■ Exercise aim: Transcribe the listing verbatim. Do not carry over any pictures.

■ Data excerpt:
+ + + + +

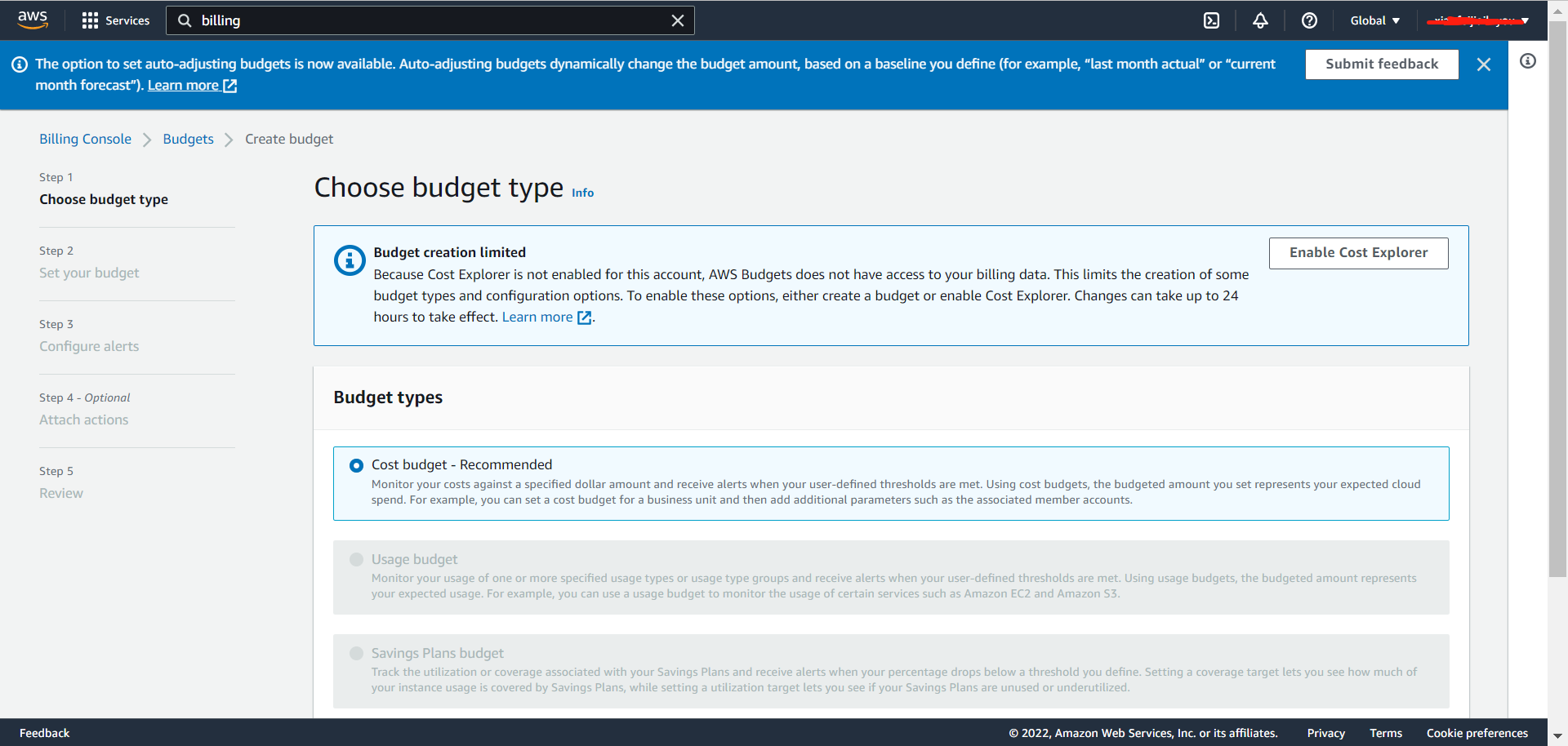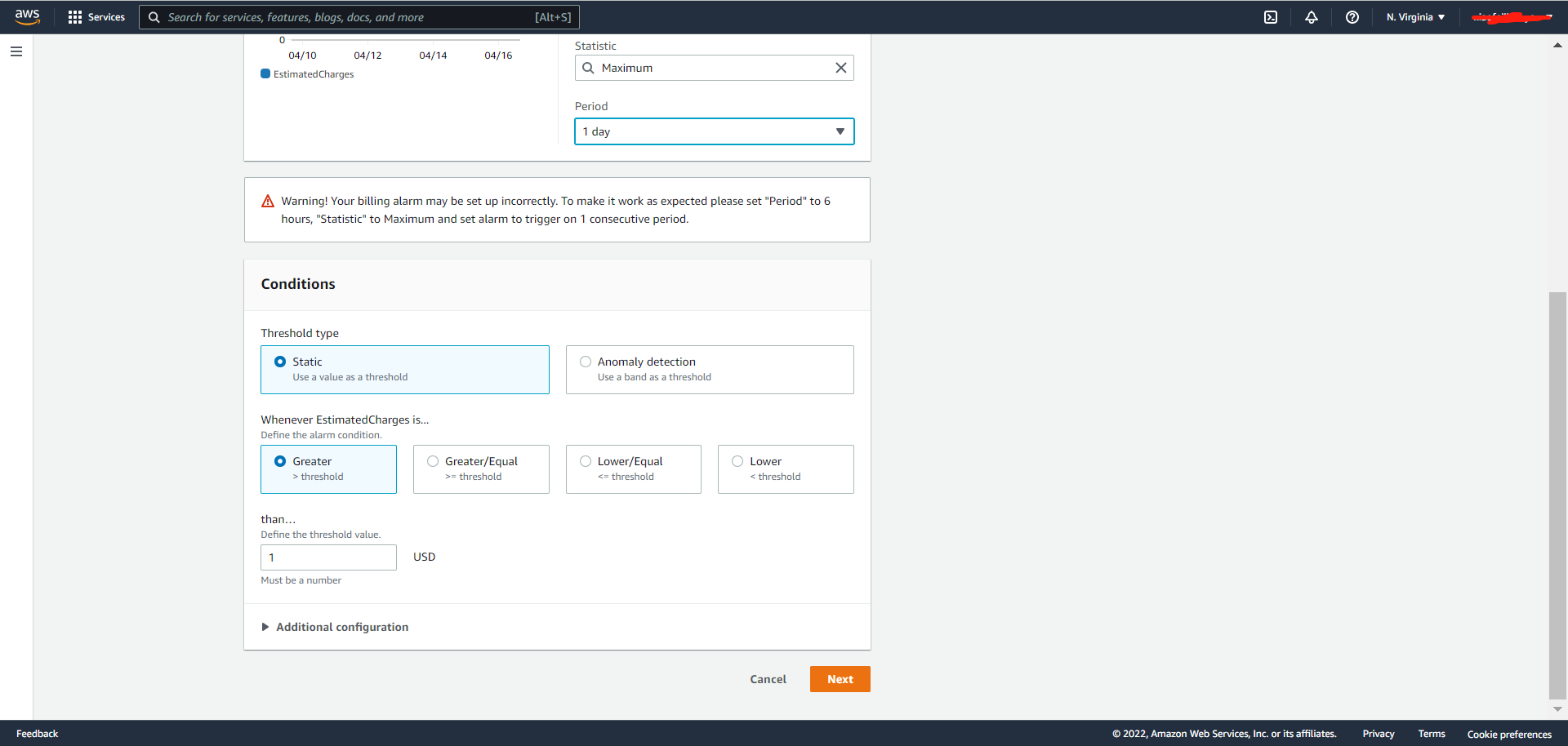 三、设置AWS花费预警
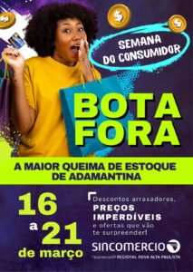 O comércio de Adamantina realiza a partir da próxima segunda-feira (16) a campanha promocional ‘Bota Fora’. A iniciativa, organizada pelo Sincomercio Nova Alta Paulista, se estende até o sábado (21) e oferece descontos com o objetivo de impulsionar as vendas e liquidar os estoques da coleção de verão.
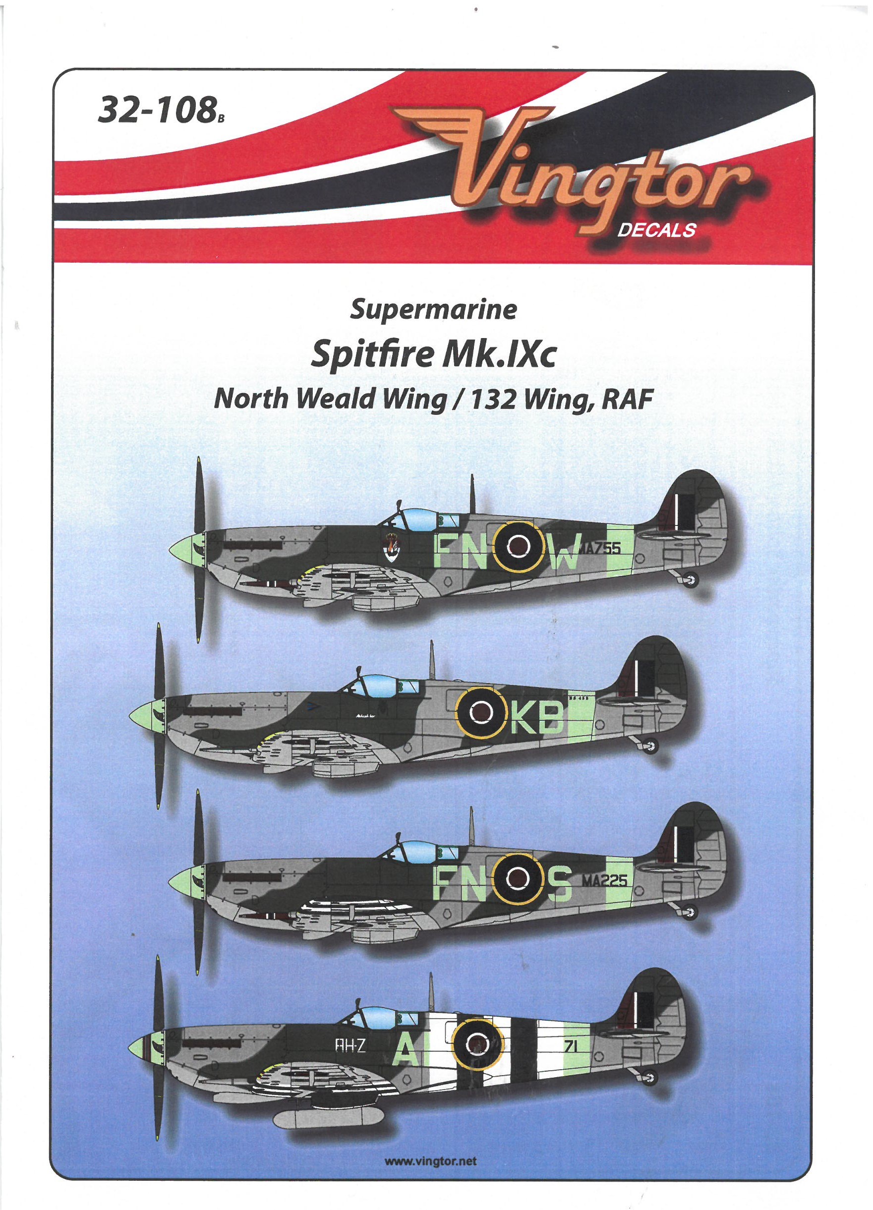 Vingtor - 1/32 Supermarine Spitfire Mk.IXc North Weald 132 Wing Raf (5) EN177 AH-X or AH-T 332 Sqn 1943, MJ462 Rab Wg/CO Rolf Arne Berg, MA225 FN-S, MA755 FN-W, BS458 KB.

+ + + + +

■ Exercise response:
 三、设置AWS花费预警
 O comércio de Adamantina realiza a partir da próxima segunda-feira (16) a campanha promocional ‘Bota Fora’. A iniciativa, organizada pelo Sincomercio Nova Alta Paulista, se estende até o sábado (21) e oferece descontos com o objetivo de impulsionar as vendas e liquidar os estoques da coleção de verão.
 Vingtor - 1/32 Supermarine Spitfire Mk.IXc North Weald 132 Wing Raf (5) EN177 AH-X or AH-T 332 Sqn 1943, MJ462 Rab Wg/CO Rolf Arne Berg, MA225 FN-S, MA755 FN-W, BS458 KB.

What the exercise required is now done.